Ryder asks us to hold that there was insufficient evidence to permit a jury to determine the extent to which the alleged absence of a functioning seat belt increased Mr. Newton's injuries, as required by Arkansas law. The relevant statute provides that the party seeking to show that injuries were caused by not using a seat belt must demonstrate that wearing the seat belt "would have reduced [the] injuries," see Ark. Code Ann. § 27-37-703(a) (2) (C) (ii), and must establish " [t]he extent of the reduction of such injuries," see Ark. Code Ann. § 27-37-703(a) (2) (C) (iii). See generally Shelter Mutual Insurance Co. v. Tucker, 748 S.W.2d 136, 137-38 (Ark. 1988).

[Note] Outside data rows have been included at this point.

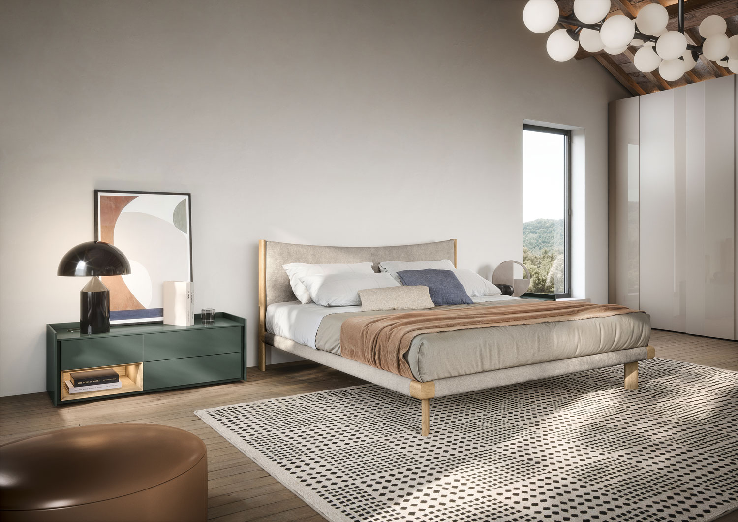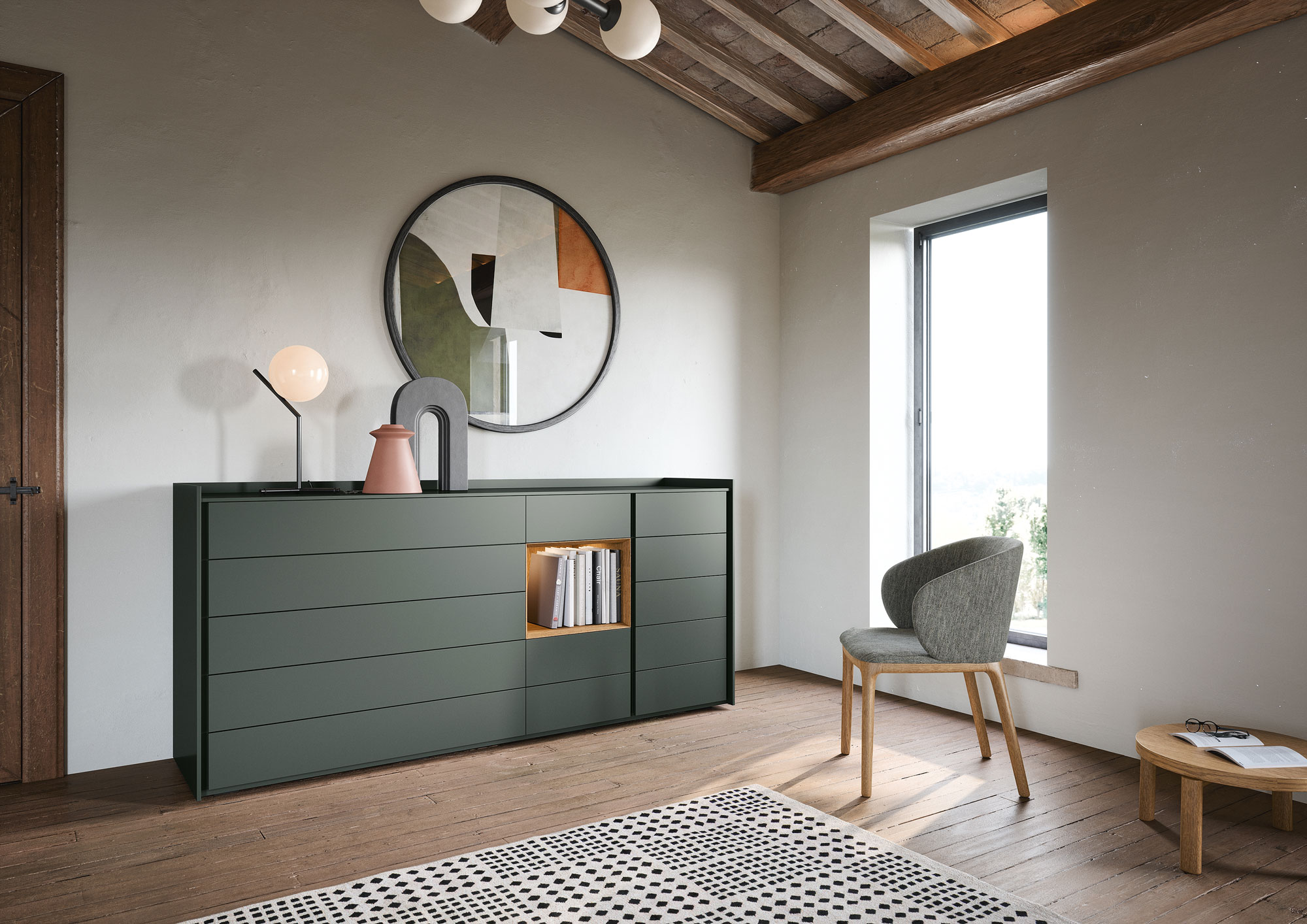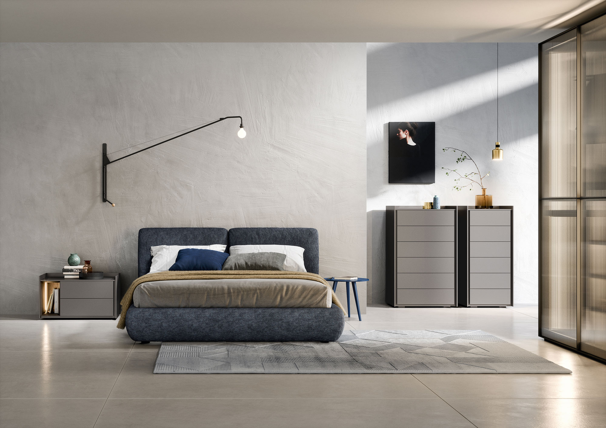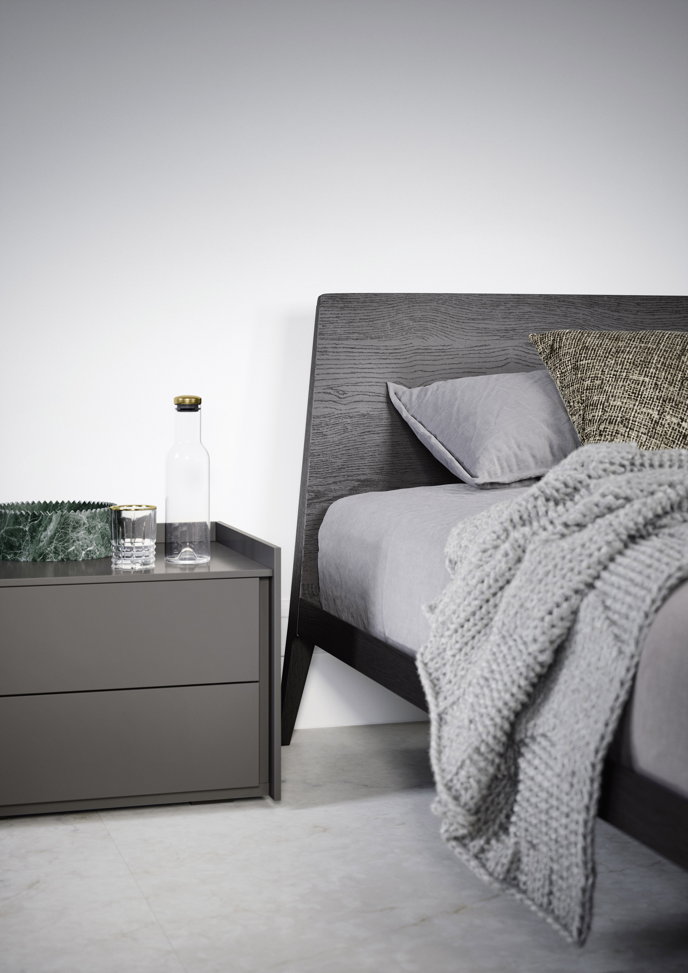 Sly offers versatile drawer-modules designed to complement Tetris open units, allowing for various configurations from spacious chests to minimalist bedside tables, optionally equipped with undermounted wireless charging.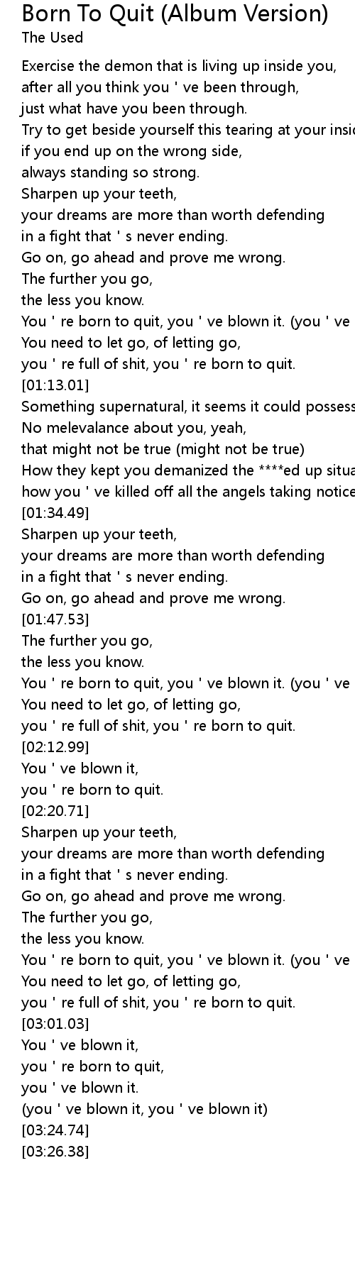 | [01:05.11] | you're full of shit, you're born to quit. |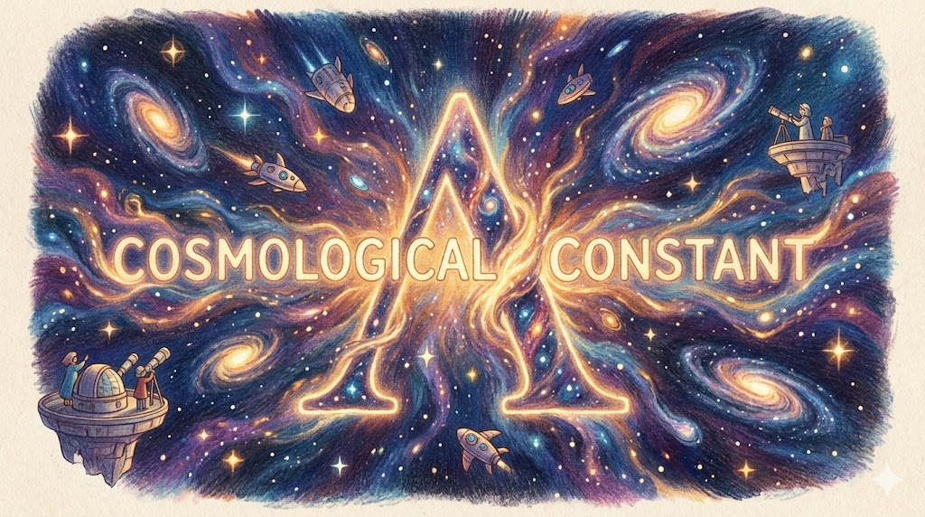 아인슈타인이 일반 상대성 이론에서 우주가 팽창하거나 수축하지 않고 정적인 상태를 유지하기 위해 도입했던 항( \Lambda )입니다. 나중에 허블이 우주 팽창을 발견하자 아인슈타인은 이를 "내 인생 최대의 실수"라고 했지만, 현대에는 '우주를 가속 팽창시키는 암흑 에너지(Dark Energy)' 를 설명하는 중요한 개념으로 다시 부활했습니다.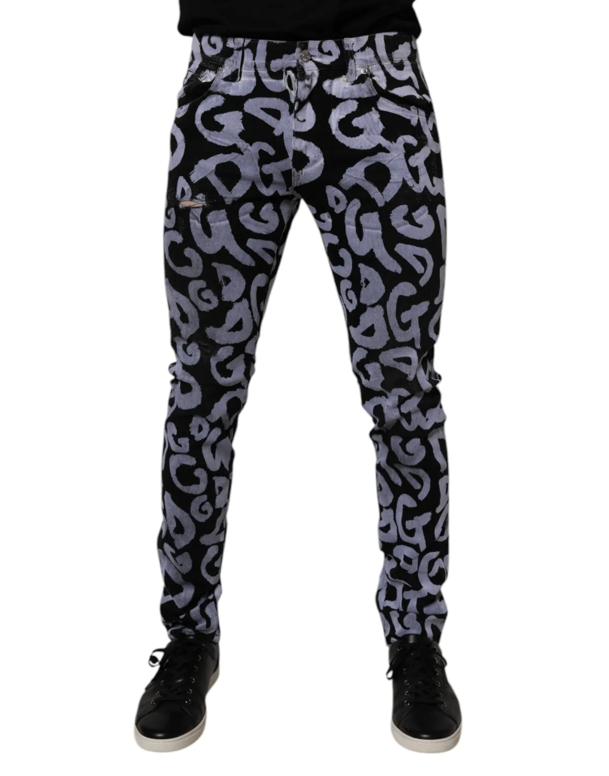 Stap naar buiten, val op en beheers de straten. Deze Dolce & Gabbana skinny jeans bieden ongeëvenaarde stijl en comfort de hele dag door. De gedurfde, door graffiti geïnspireerde print zorgt ervoor dat je de aandacht trekt en een statement maakt, waar je ook gaat. Ervaar een moderne uitstraling met een comfortabele skinny pasvorm en versleten details. Gemaakt van een hoogwaardige katoenmix denim, bieden deze jeans de perfecte balans tussen stijl en comfort. Geniet van duurzame draagkracht die meegaat met je dagelijkse avonturen. Perfect om een edgy tintje toe te voegen aan casual uitjes of je avondlook te verbeteren.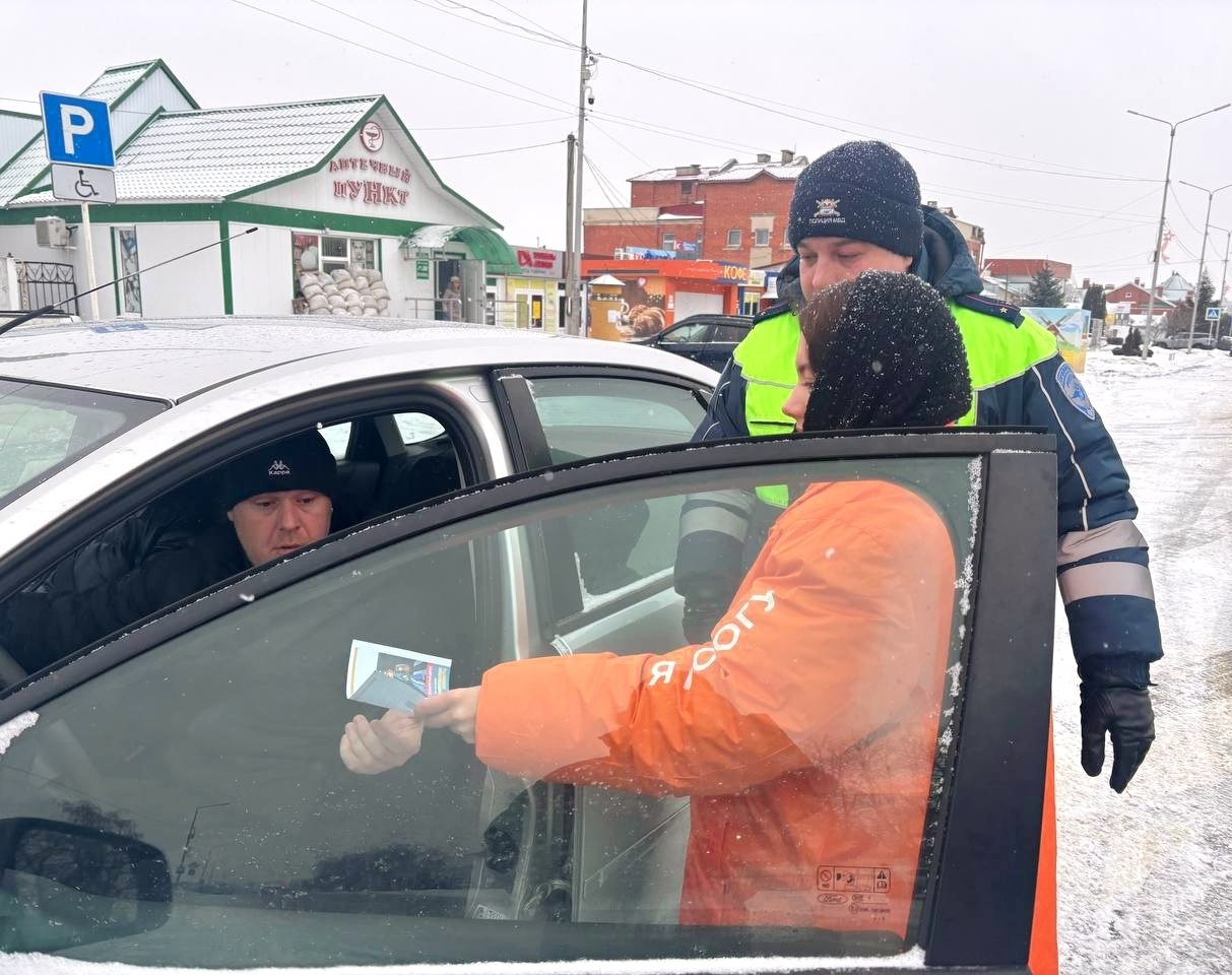Всем участникам дорожного движения были вручены тематические памятки, содержащие рекомендации по безопасному вождению в зимний период и напоминания об основных правилах ПДД.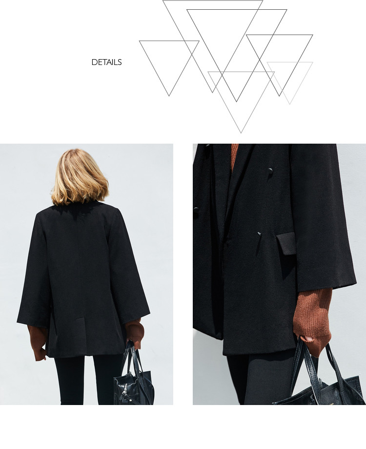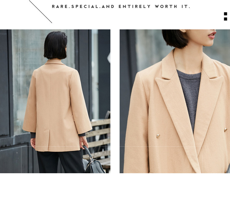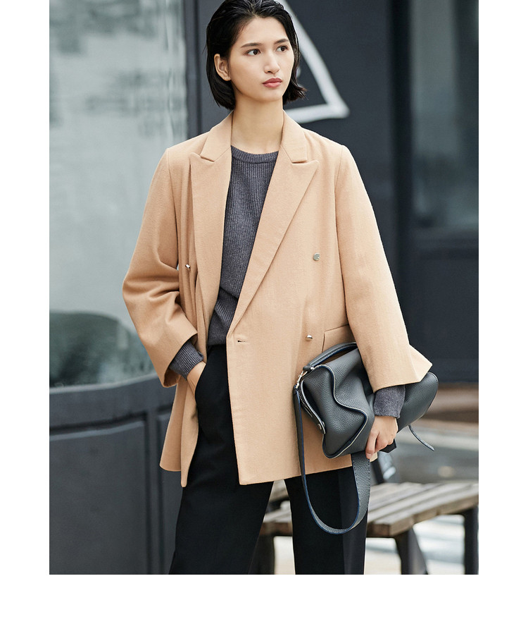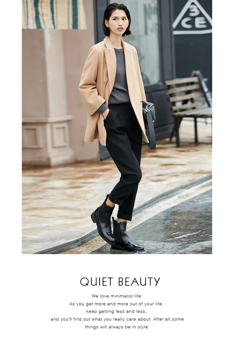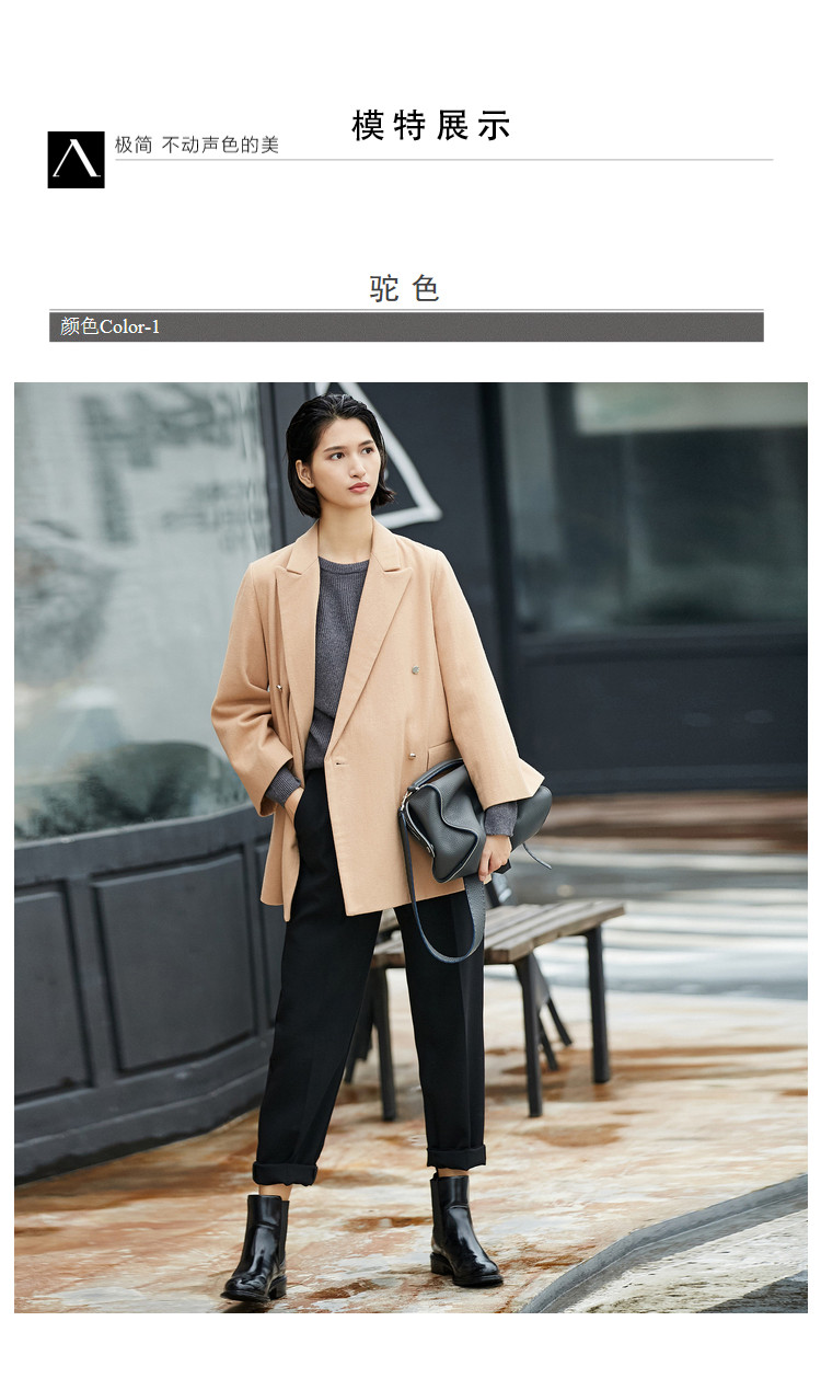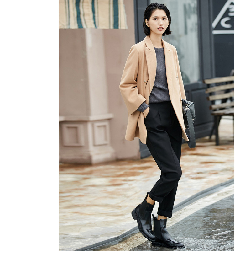 | 面料成分: | 面料:驼色:48%羊毛、52%聚酯纤维 黑色:48.9%羊毛、51.1%聚酯纤维(含微量其他纤维) 里料:100%聚酯纤维 |

At trial, however, Mr. Newton presented the reports of a consulting physician, Dr. Charles Clark, to the jury. Dr. Clark's reports stated that Mr. Newton suffered from a 20 percent impairment, and that the impairment was caused when " [t]he seat belt failed and he jammed his thighs up under the steering wheel," resulting in a "large hematoma in the medial aspect of the [left] thigh." We believe that this and the other trial evidence, including the pictures of the wrecked truck and Mr. Newton's testimony concerning what happened during the accident, was sufficient for the jury to determine the extent to which the alleged absence of a functioning seat belt enhanced Mr. Newton's injuries. Cf. Potts v. Benjamin, 882 F.2d 1320, 1322-23 (8th Cir. 1989).

For the foregoing reasons, we reverse and remand the matter for a new trial.